Jim Layton (64.152.235.6)
Posted on Thursday, January 29, 2004 - 03:17 am:   Edit Post Delete Post View Post/Check IP    Ban Poster IP (Moderator/Admin only)

>So black barley is a Briess product,and appears to be just a more highly kilned version of roast barley.

My take on it is that Briess Roast Barley is rather light and that their Black Barley is comparable to most everyone else's roast barley.
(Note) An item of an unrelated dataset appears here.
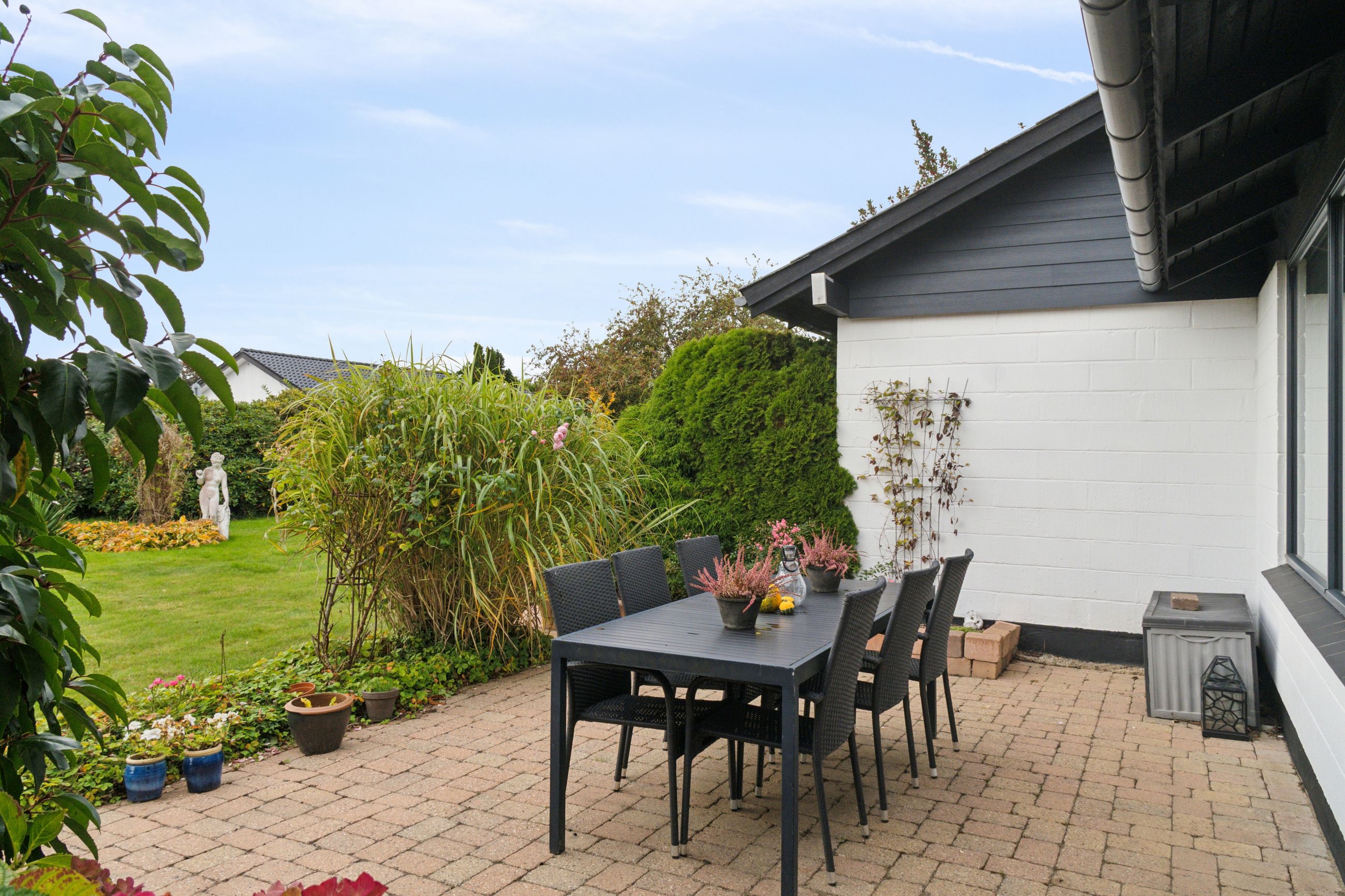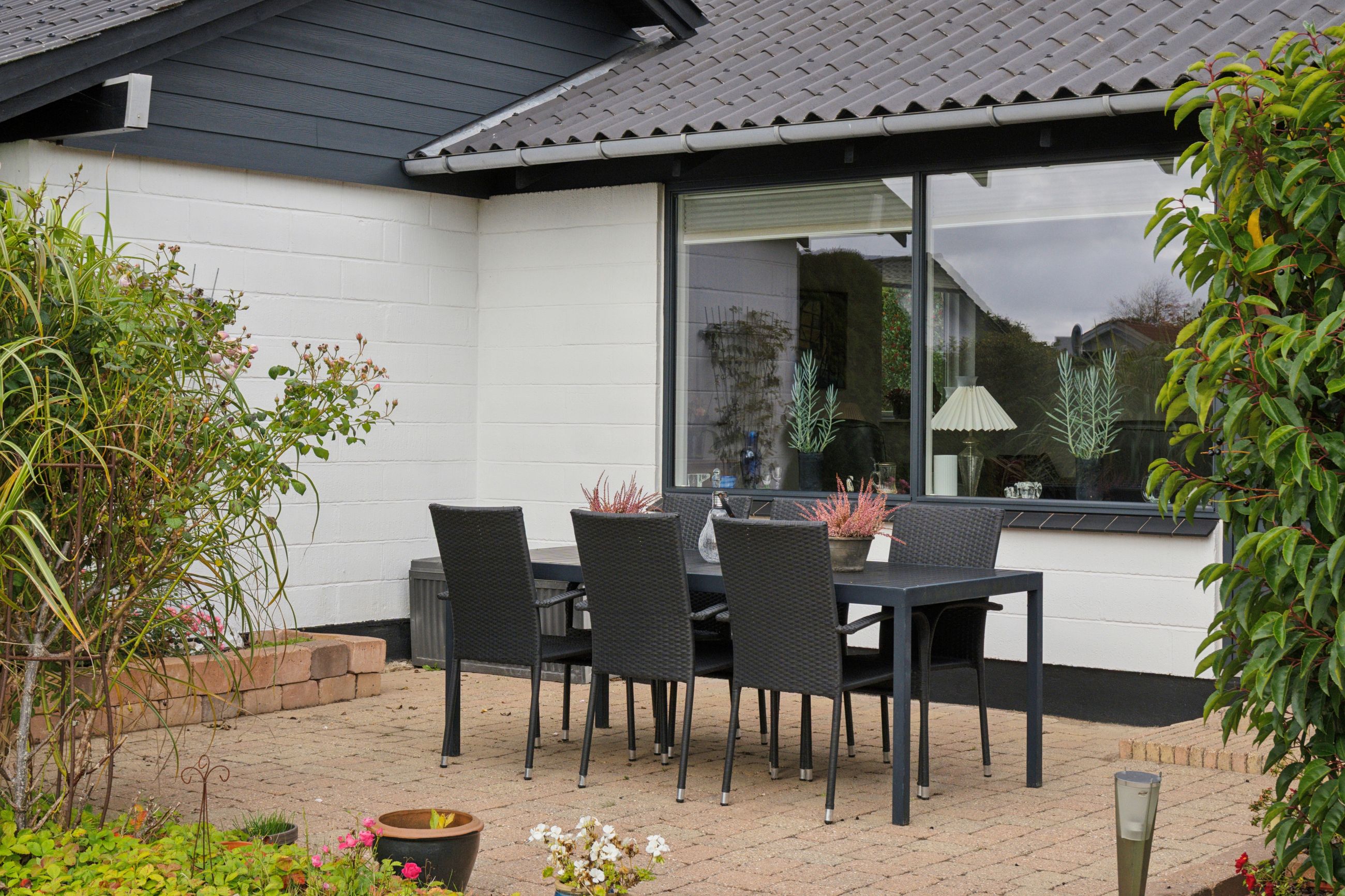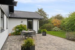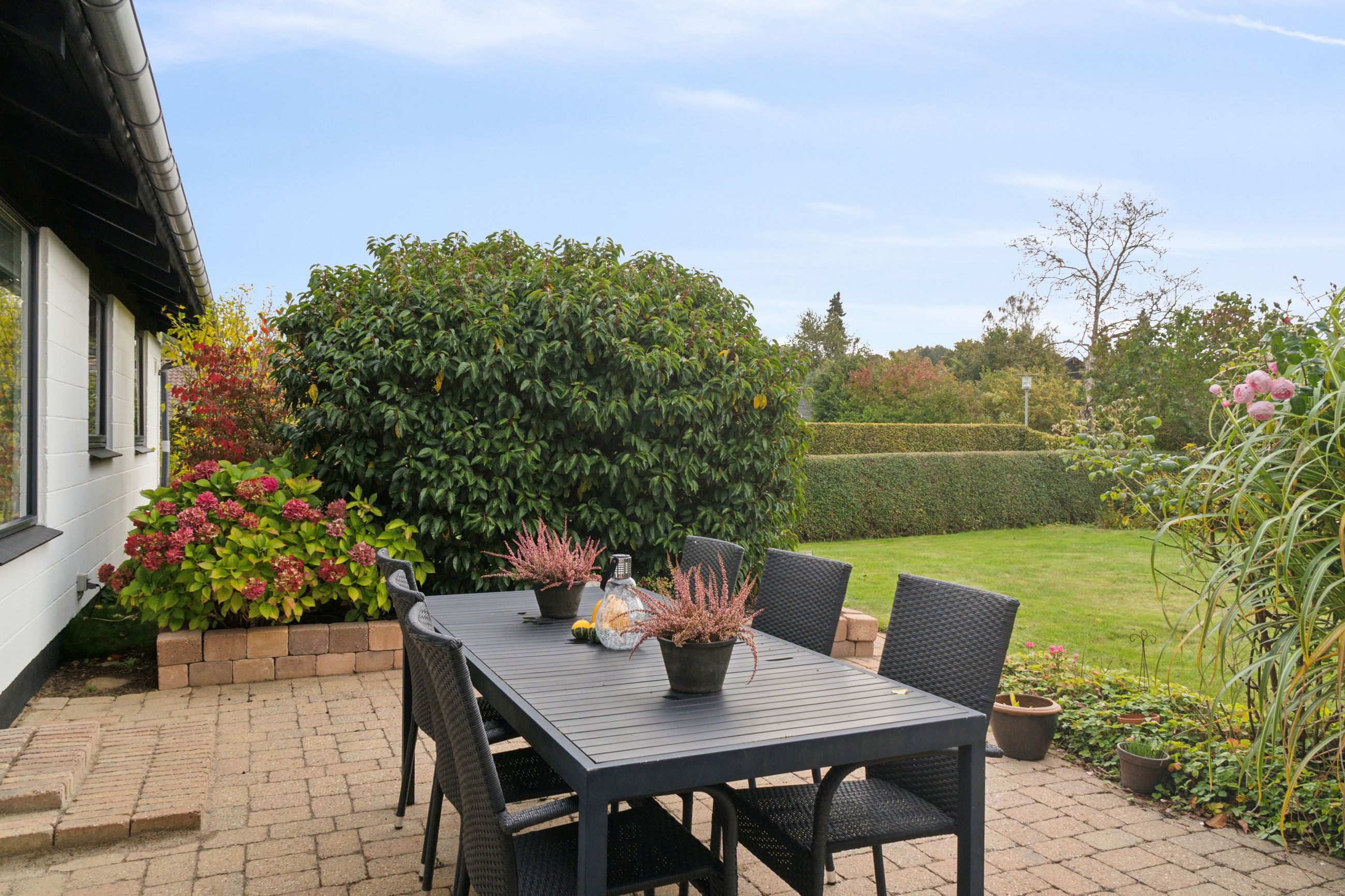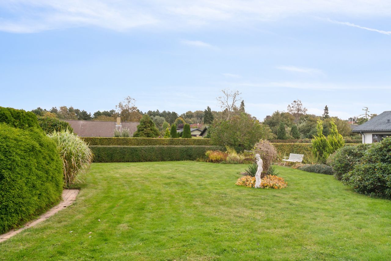 Haven vender mod syd, og den er flot anlagt med en fliseterrasse og alskens frodige beplantning. Haven har desuden et afsnit med køkkenhave, og forrest på grunden er der endnu et fliseareal, hvor I kan indrette en hyggekrog med aftensol.

Briess Roast Barley: 275-325L
Briess Black Barley: 500-550L
Crisp Roasted Barley: 690-700L
Pauls Roasted Barley: 600-680L
Thomas Fawcett Roasted Barley: 444-661L
Hugh Baird Roasted Barley: 500-600L
 

Brian Thatcher (63.191.209.70)
Posted on Thursday, January 29, 2004 - 03:40 am:   Edit Post Delete Post View Post/Check IP    Ban Poster IP (Moderator/Admin only)

My experience is the same as Jim's. Briess Roast Barley is a lighter product than what most people think of. I made this mistake in an Imperial Stout I brewed that turned out ok but wasn't quite the roast character I wanted. I had to look at the Briess website to realize this. What every other maltster refers to as Roast Barley Briess calls Black Barley.